## DATASET EXTRACT
= = = = =

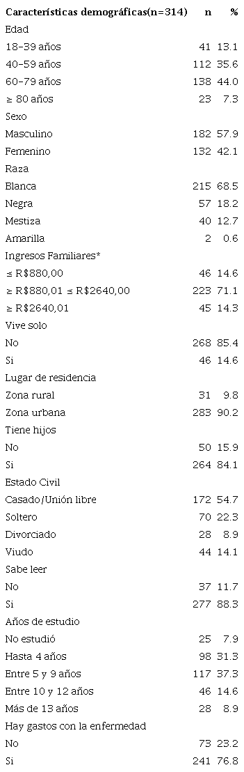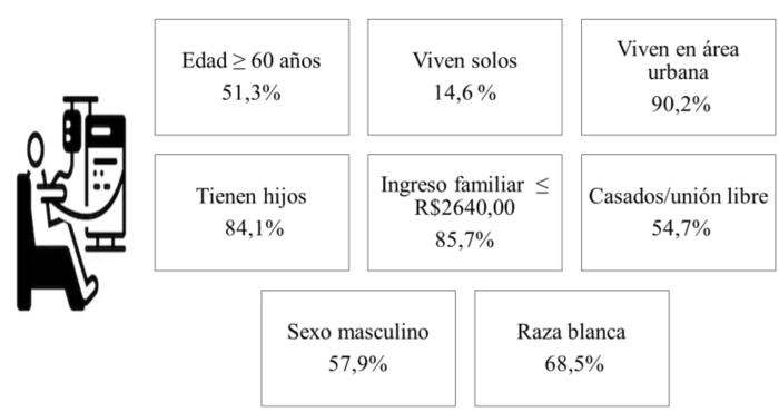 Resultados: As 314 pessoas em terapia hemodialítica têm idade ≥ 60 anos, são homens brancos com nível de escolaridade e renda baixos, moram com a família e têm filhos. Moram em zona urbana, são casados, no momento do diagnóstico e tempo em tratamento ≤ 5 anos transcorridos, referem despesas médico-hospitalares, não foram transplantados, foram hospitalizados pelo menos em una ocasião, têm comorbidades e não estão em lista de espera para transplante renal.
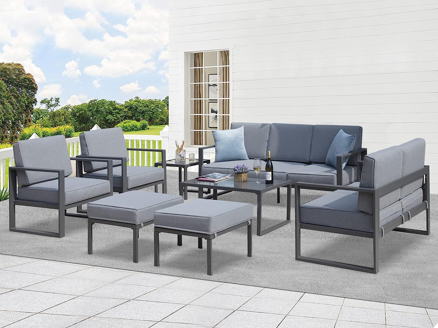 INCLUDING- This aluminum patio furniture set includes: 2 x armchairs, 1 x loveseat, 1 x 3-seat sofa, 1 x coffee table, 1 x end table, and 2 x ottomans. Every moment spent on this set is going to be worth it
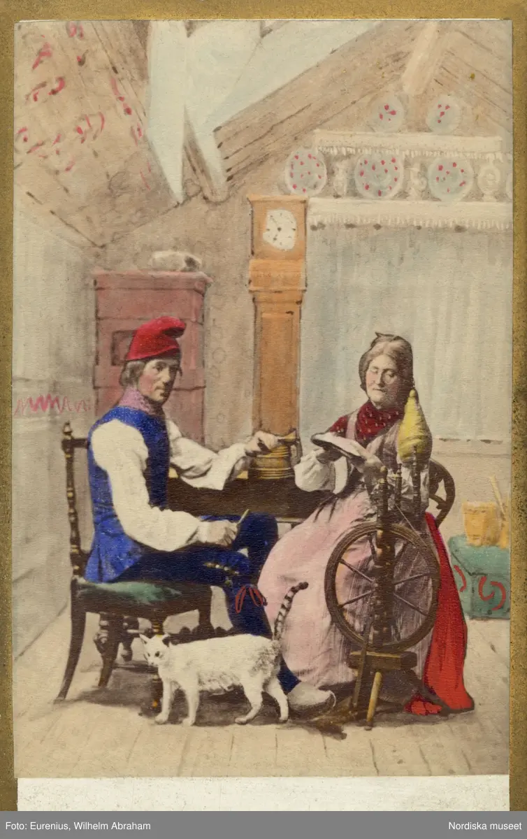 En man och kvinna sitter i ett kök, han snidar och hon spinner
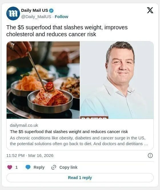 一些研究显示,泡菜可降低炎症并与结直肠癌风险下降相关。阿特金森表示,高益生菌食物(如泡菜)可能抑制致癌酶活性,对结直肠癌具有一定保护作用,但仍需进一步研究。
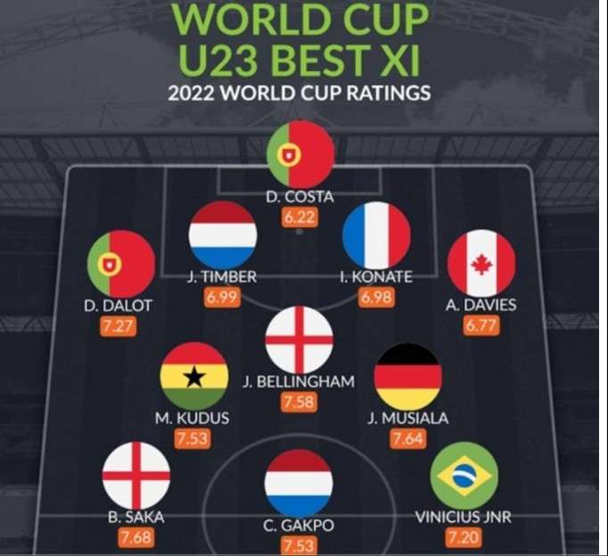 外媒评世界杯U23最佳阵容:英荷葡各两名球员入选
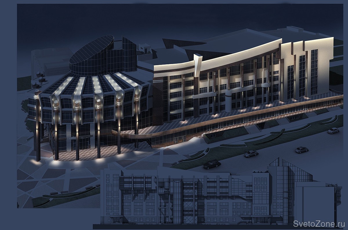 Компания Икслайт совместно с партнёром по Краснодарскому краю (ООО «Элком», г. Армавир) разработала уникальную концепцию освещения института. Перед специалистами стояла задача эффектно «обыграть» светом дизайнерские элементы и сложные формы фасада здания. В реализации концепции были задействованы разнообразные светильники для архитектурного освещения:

= = = = =

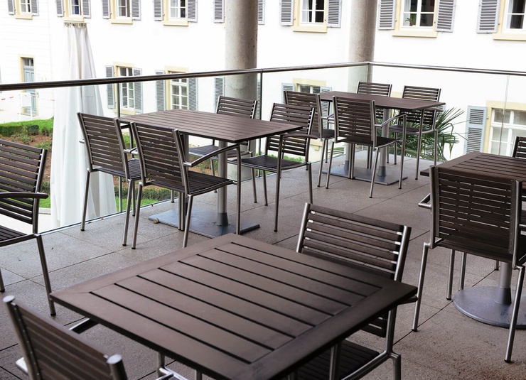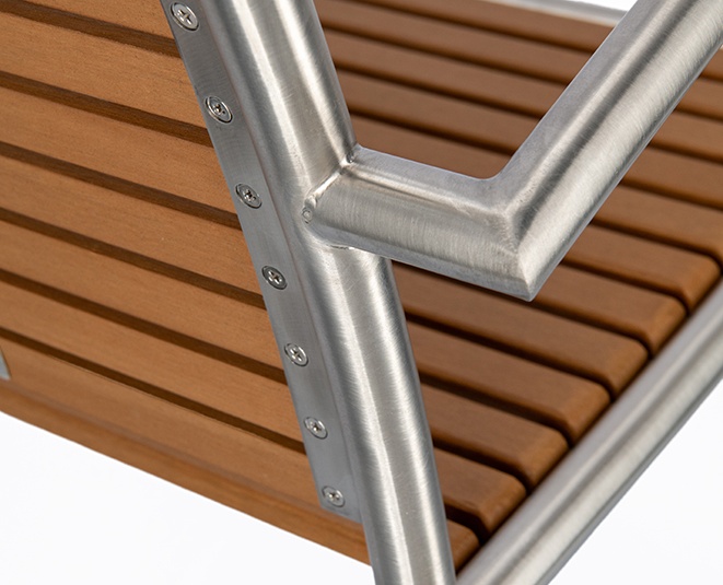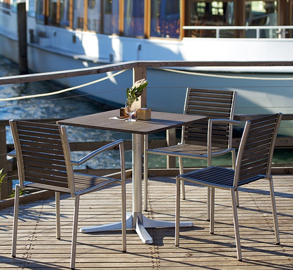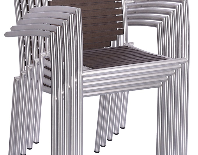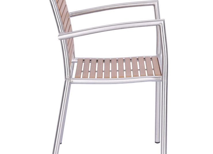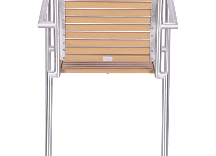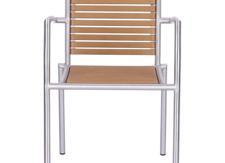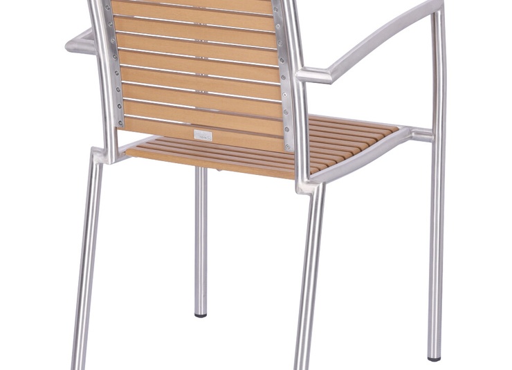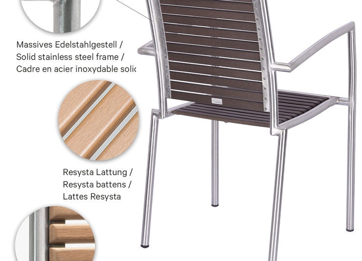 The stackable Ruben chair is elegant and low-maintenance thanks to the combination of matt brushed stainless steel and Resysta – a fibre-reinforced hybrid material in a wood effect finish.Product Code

= = = = =

## WORK ORDER
Take the lines above starting at the one containing "一些研究显示,泡菜可降低炎症" and ending at the one containing "Компания Икслайт совместно", and print them again exactly, without pictures.

## RESULT OF THIS TASK
 一些研究显示,泡菜可降低炎症并与结直肠癌风险下降相关。阿特金森表示,高益生菌食物(如泡菜)可能抑制致癌酶活性,对结直肠癌具有一定保护作用,但仍需进一步研究。
 外媒评世界杯U23最佳阵容:英荷葡各两名球员入选
 Компания Икслайт совместно с партнёром по Краснодарскому краю (ООО «Элком», г. Армавир) разработала уникальную концепцию освещения института. Перед специалистами стояла задача эффектно «обыграть» светом дизайнерские элементы и сложные формы фасада здания. В реализации концепции были задействованы разнообразные светильники для архитектурного освещения:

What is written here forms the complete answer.